The third is the efficient synthesis of resveratrol through metabolic remodeling in lipolytic yeast. Starting from unconventional yeast lipolytic Arlo's yeast, different resveratrol synthesis genes were screened, and the shikimic acid pathway was strengthened. The fusion expression of coumarin CoA ligase and stilbene synthase was achieved, and the synergistic expression of tyrosine and phenylalanine ammonia lyase pathways increased precursor supply, ultimately redistributing carbon metabolism flow, achieving efficient accumulation of coumarin acid and resveratrol. These results indicate that unconventional yeast lipolytic yeast is an excellent host for the production of resveratrol. Starting from the strain of Lactobacillus lipolyticus, which enhances the synthesis of coumaric acid by its precursor, the efficient synthesis of resveratrol was achieved by integrating key rate limiting step genes using a multi-copy integration tool and enhancing the supply of malonyl coenzyme A.

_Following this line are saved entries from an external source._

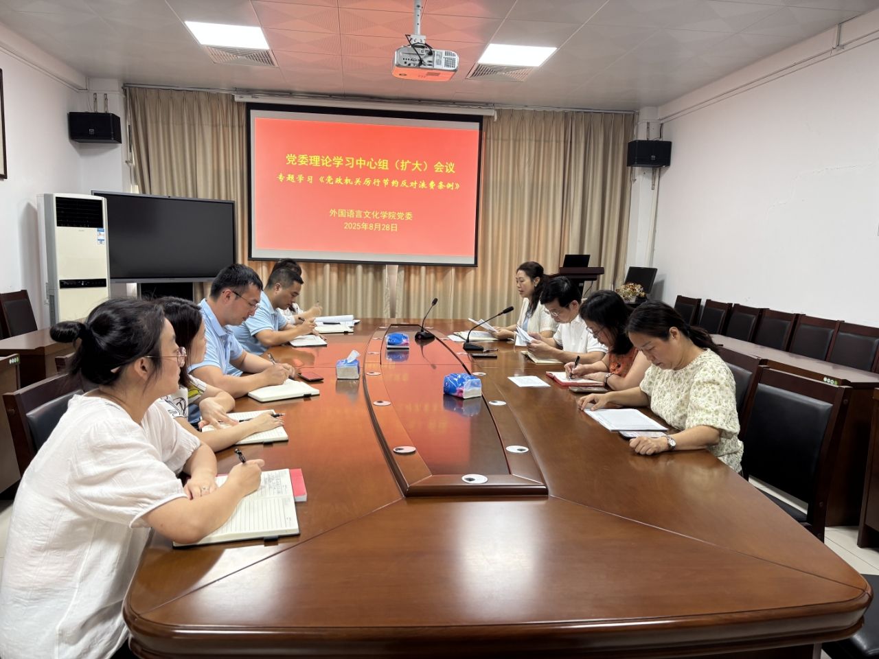 8月28日,外国语言文化学院党委理论学习中心组(扩大)会议召开,专题学习《党政机关厉行节约反对浪费条例》(以下简称《条例》),学院党委理论学习中心组成员、党支部书记参加,党委书记卢咏主持,党委副书记杨琼领学。
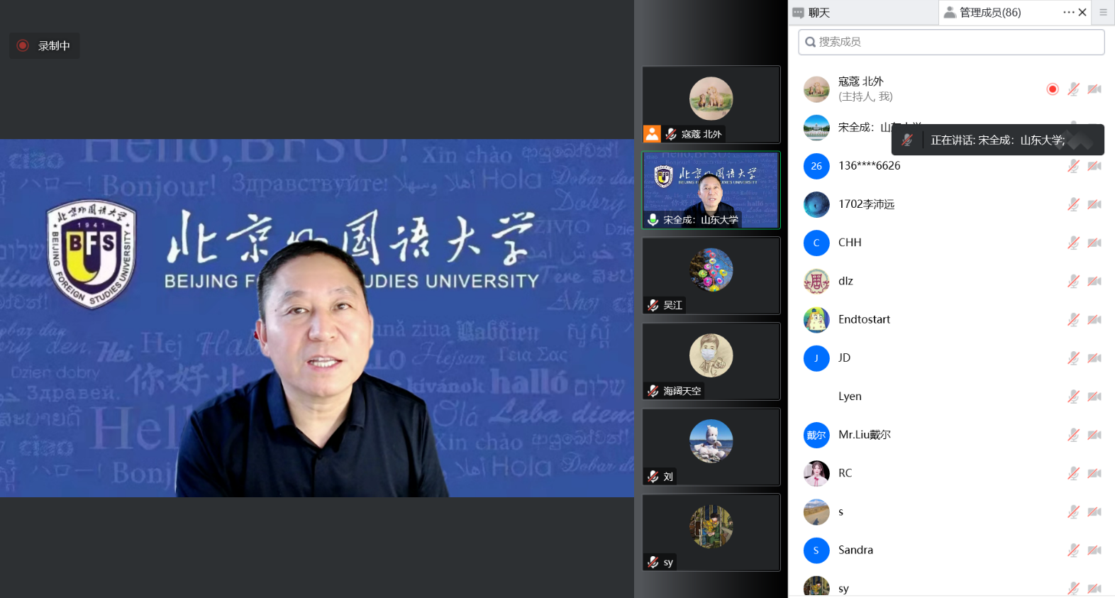 在最后的交流讨论环节,宋全成和云端参会的百余名师生们进行了充分交流和讨论。报告专家清晰的思路及丰富的知识储备、扎实的专业功底给听众们留下了深刻的印象,令大家受益匪浅。
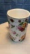 Enjoy your favorite beverage in this elegant floral ceramic mug. Featuring a beautiful design with red, yellow, and green accents on soft pink lace background.
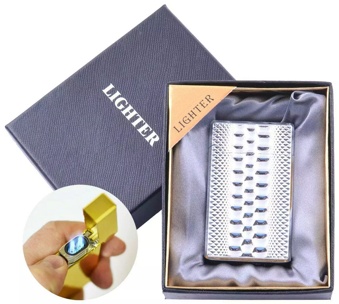 Зажигалка в подарочной коробке (Двойное острое пламя) №4648 Silver
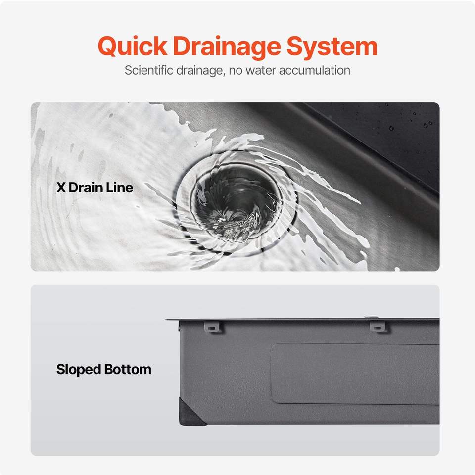 25\" Stainless Steel Kitchen Sink Top Mount Single Bowl Drop-In Basin in Black Color
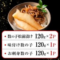 【内容量】数の子松前漬け120g×2P、味付数の子120g×1P、お刺身数の子120g×1P
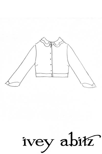 - A double collar with undulating curves is the feature. These curves are echoed in the detail at the sleeve edge.
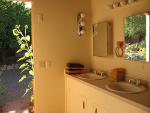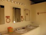 Our restroom has two toilets, two showers, and 3 sinks, and it is possible you will have to wait your turn. Click below for images of our restroom. |
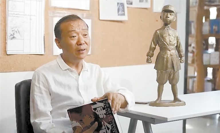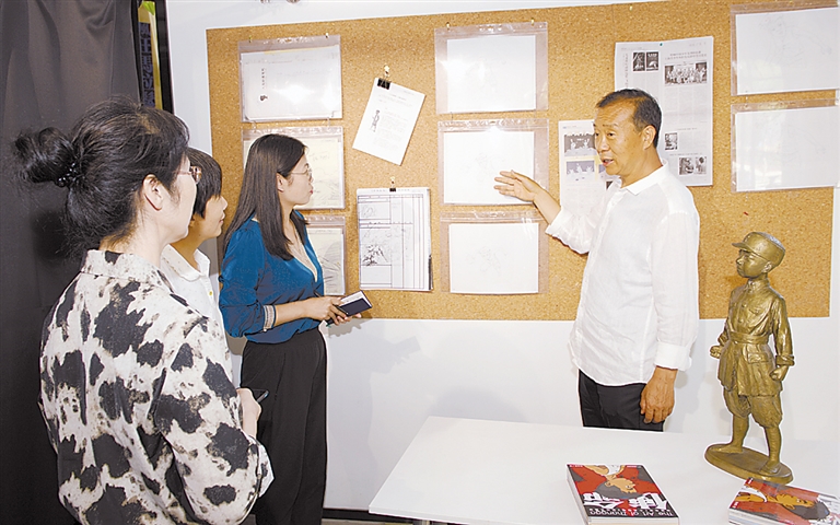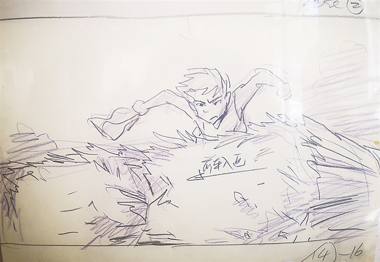 凡·公益艺术空间也可以看作是孙立军的工作室。如今,这里充满了动画电影《小兵张嘎》的创作回忆。墙上,挂着《小兵张嘎》情景设定、人物设定的脚本,几幅嘎子张开双臂奋力奔跑的手绘图,还排着序号。桌上,两座半米高的嘎子铜像,一个是双手叉腰,头顶荷叶的嘎小子,赤着上身,裤腿高高挽起;一个则是一身整齐军装的小战士,双手握拳,目光炯炯。那个坚毅勇敢倔强的嘎子如在眼前。

The fourth is to optimize the fermentation process based on the study of microbial physiological characteristics. Referring to the known stoichiometric relationships of biochemical reactions, as well as the metabolic pathways and physiological metabolic characteristics of lipolytic yeast, the fermentation process was optimized to keep lipolytic yeast in yeast form during the fermentation process, achieving high production of resveratrol and laying the foundation for industrial production.

The fifth is to expand the scale of resveratrol fermentation industry and extract products. On the basis of the above research, the optimization control strategy of the fermentation process was used to control the environmental factors in the step-by-step amplification process of the high-yield resveratrol fermentation process of the lipolytic Arlo yeast. The industrial scale fermentation experiment was successfully achieved, and the yield, conversion rate, and production intensity were further improved. Resveratrol was extracted from fermentation broth using recyclable solvents, and the process conditions were systematically optimized, including pretreatment of fermentation broth, screening of decolorizing agents, and optimization of extraction conditions. The efficient separation and high-purity extraction of resveratrol were successfully achieved.

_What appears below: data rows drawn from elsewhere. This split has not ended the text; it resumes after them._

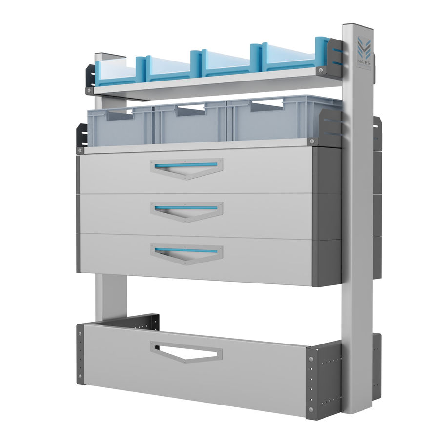 Enthält: 2x Außenprofil. 1x Klappenfachx100. 4x Box-30. 1x Regalbodenx31 abgesenktx100. 3x Schubkastenx100. 3x Eurobox klein. 1x Regalbodenx41 abgesenktx100. 2x Befestigungsset.
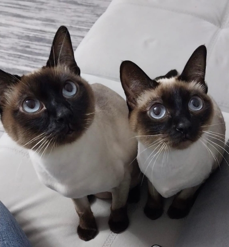 Sağdaki dişi soldaki erkek 2-3 yaş arası, kısırlaştırılmış, çipli güzel siyamlara ömürlük yuva aranıyor. İzmit Kocaeli
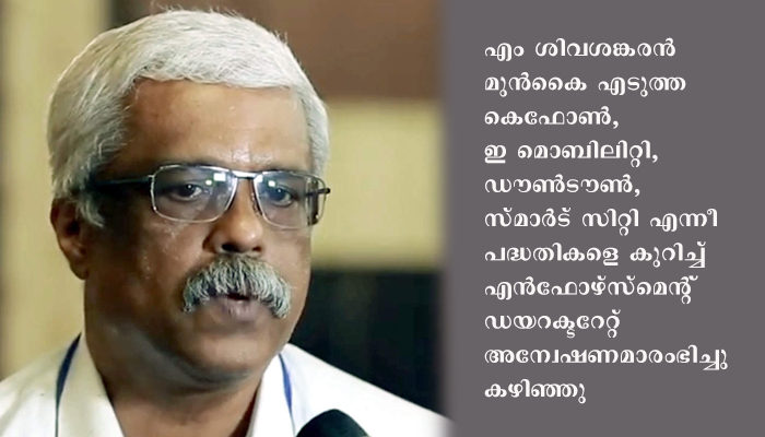 തിരുവനന്തപുരം: സ്വർണക്കടത്തിലെ അന്വേഷണം സംസ്ഥാന സർക്കാരിന്റെ അഭിമാന പദ്ധതിയായ ലൈഫ് മിഷനിലേക്ക് എത്തിയതിനു തൊട്ടു പിന്നാലെ മറ്റ് നാല് പദ്ധതികൾ കൂടി സംശയത്തിന്റെ നിഴലിലായി. സ്വർണക്കടത്തു കേസ് പ്രതി സ്വപ്ന സുരേഷുമായുളള ഇടപാടുകളെ തുടർന്ന് അറസ്റ്റിലായ മുഖ്യമന്ത്രിയുടെ മുൻ പ്രിൻസിപ്പൽ സെക്രട്ടറി എം ശിവശങ്കരൻ മുൻകൈ എടുത്ത കെഫോൺ , ഇ മൊബിലിറ്റി, ഡൗൺടൗൺ, സ്മാർട് സിറ്റി എന്നീ പദ്ധതികളെ കുറിച്ച് എൻഫോഴ്സ്മെന്റ് ഡയറക്ടറേറ്റ് അന്വേഷണമാരംഭിച്ചു കഴിഞ്ഞു. പദ്ധതികളുടെ വിശദാംശങ്ങൾ ആവശ്യപ്പെട്ട് ഇ ഡി ചീഫ് സെക്രട്ടറിക്ക് നോട്ടീസ് നൽകി.
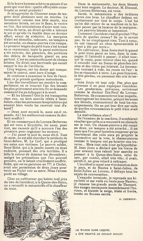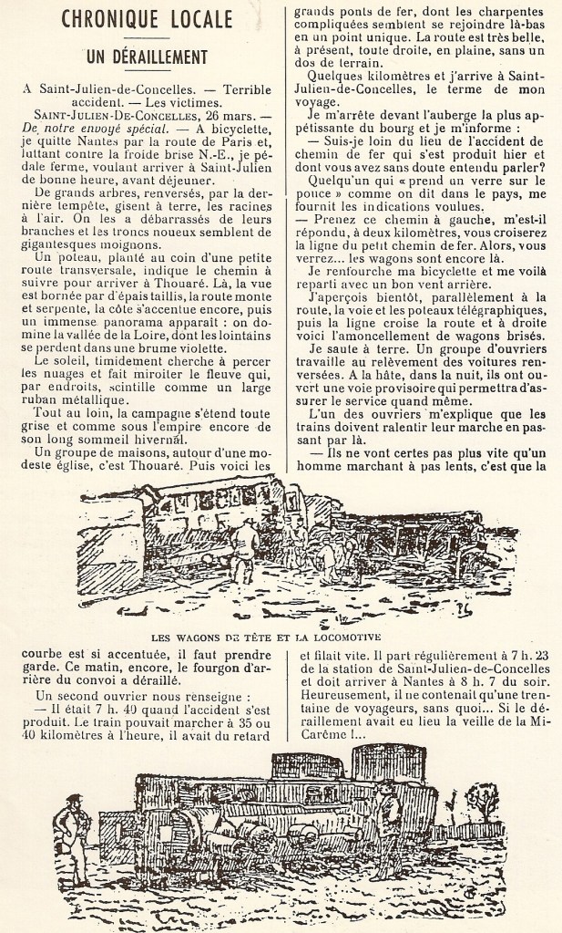 Cette anecdote fait sourire Jean-Marie, les hommes ayant évoqué lors de leur passage à la Guilbaudière la mise en service de la ligne il y a tout juste un an, qui facilite les voyages vers Nantes mais aussi le malheureux accident de mars 1900 et surtout la façon dont le journaliste du « Phare de la Loire » a relaté l’événement.

On site of expert appraisal meeting for resveratrol

The appraisal committee believes that the project has constructed an efficient resveratrol synthesis cell factory through research on synthetic gene screening, enhancement of shikimic acid pathway, reshaping of central carbon metabolism flow, optimization of key gene expression intensity, construction of multi copy integration tools, and high-throughput screening of high-yield strains in lipolytic Arlo yeast. The production, conversion rate, and production intensity of resveratrol in a 30 ton fermentation tank have reached international standards, and the separation and high-purity extraction of resveratrol produced by fermentation have been achieved.

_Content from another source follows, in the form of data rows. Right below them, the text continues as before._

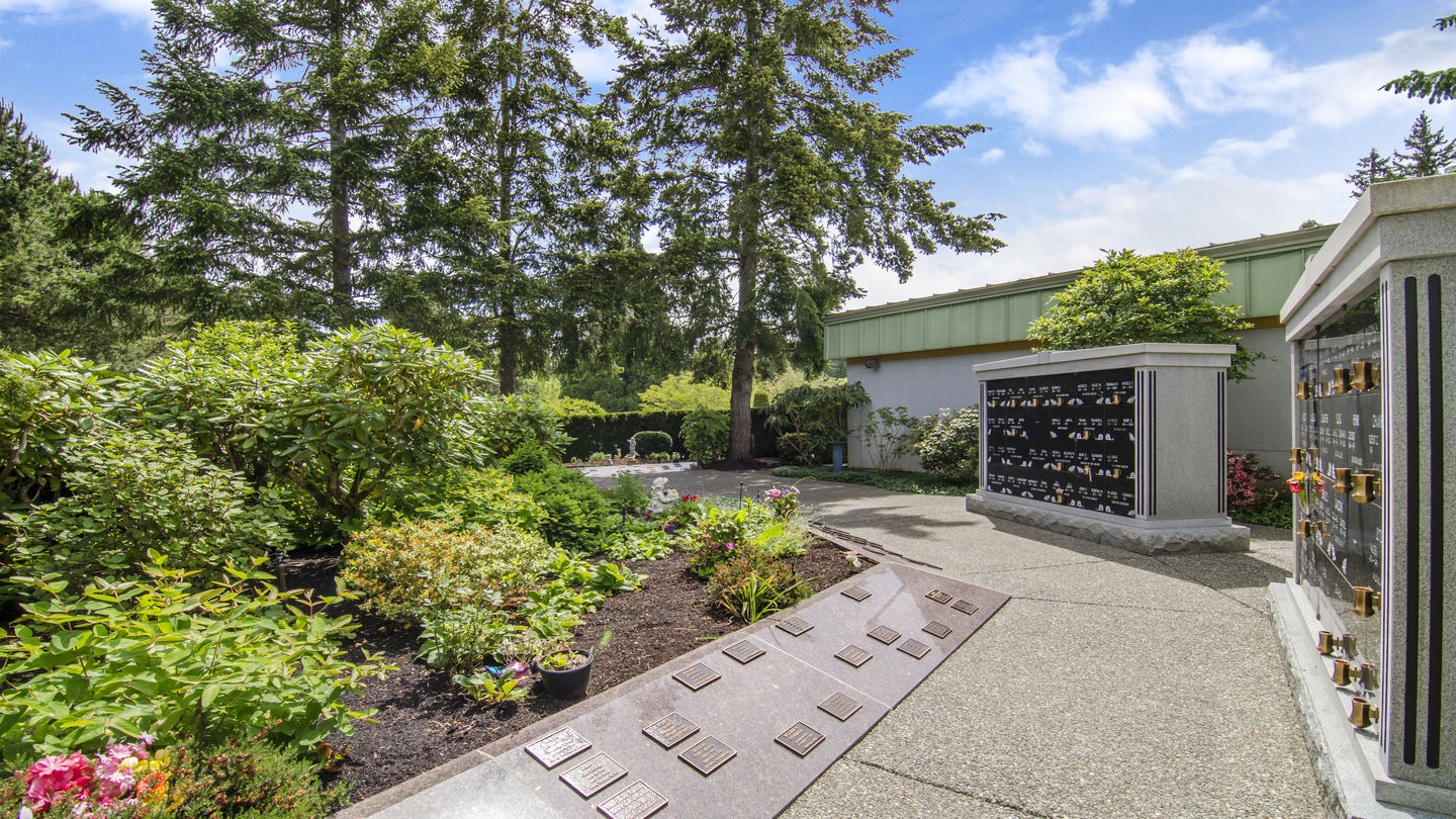 Columbariums at First Memorial Garden of MemoriesUnique to Vancouver Island, the Garden of Memories is a place to memorialize loved ones who have chosen cremation. Nestled in a hollow adjacent to Victoria's Royal Oak Burial Park, it offers a tranquil setting for families and friends to gather and reflect. Thoughtfully situated between elegant gazebos and winding paths are a range of inurnment choices: granite columbaria, memorial books, ossuaries, urn gardens, gazebo niches, scroll walls, terraced brick wall niches and family estate memorials beautifully finished in natural stone. A waterfall provides a gentle soundtrack; delicate patterns of rain and sunlight dance across the pond.
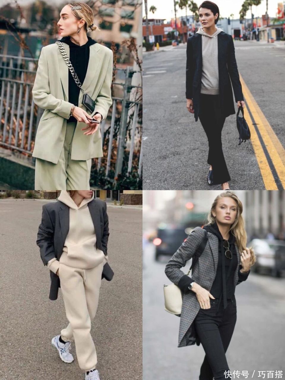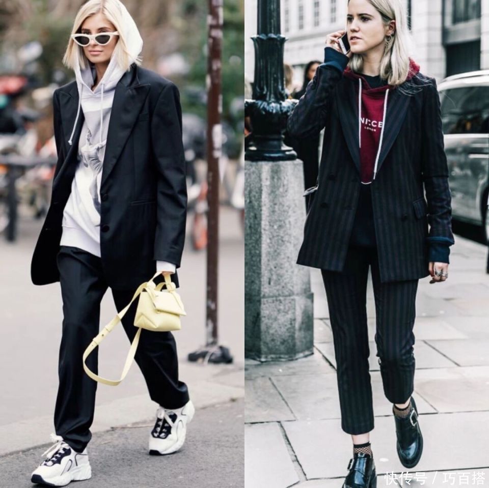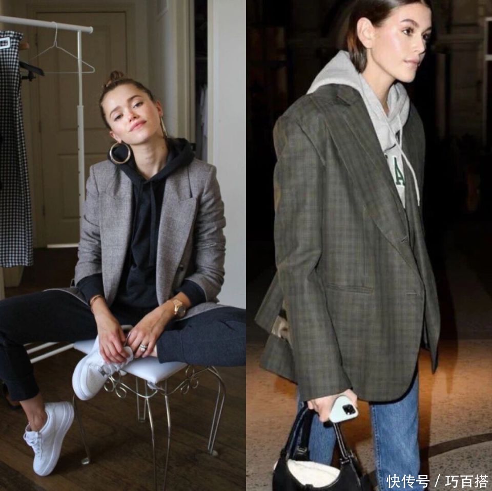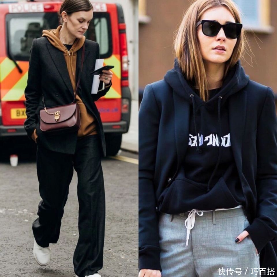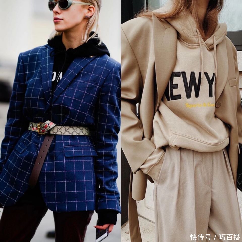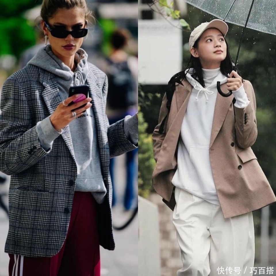 合乎秋天选拔的卫衣+西装有两种模式,一种是相对轻浮、不加绒的卫衣搭配单层或者双层联想的西装外衣。
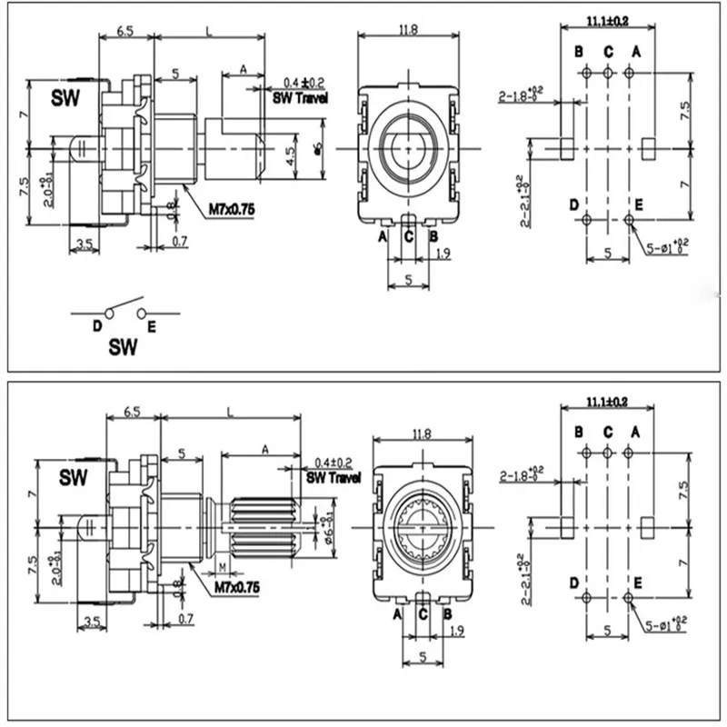 5PCS/Lot Ec11 Rotary Encoder Switch 15/20mm Plum Blossom Handle Half Shaft 20 Bit Pulse Digital Signal Potentiometer

Experts point out that this project has significant practical significance in achieving the industrial production of resveratrol through fermentation, breaking the monopoly of foreign companies on the production of resveratrol through synthetic biotechnology, and comprehensively improving the technical level of the resveratrol fermentation industry. It is recommended to further accelerate the promotion and application of project technology.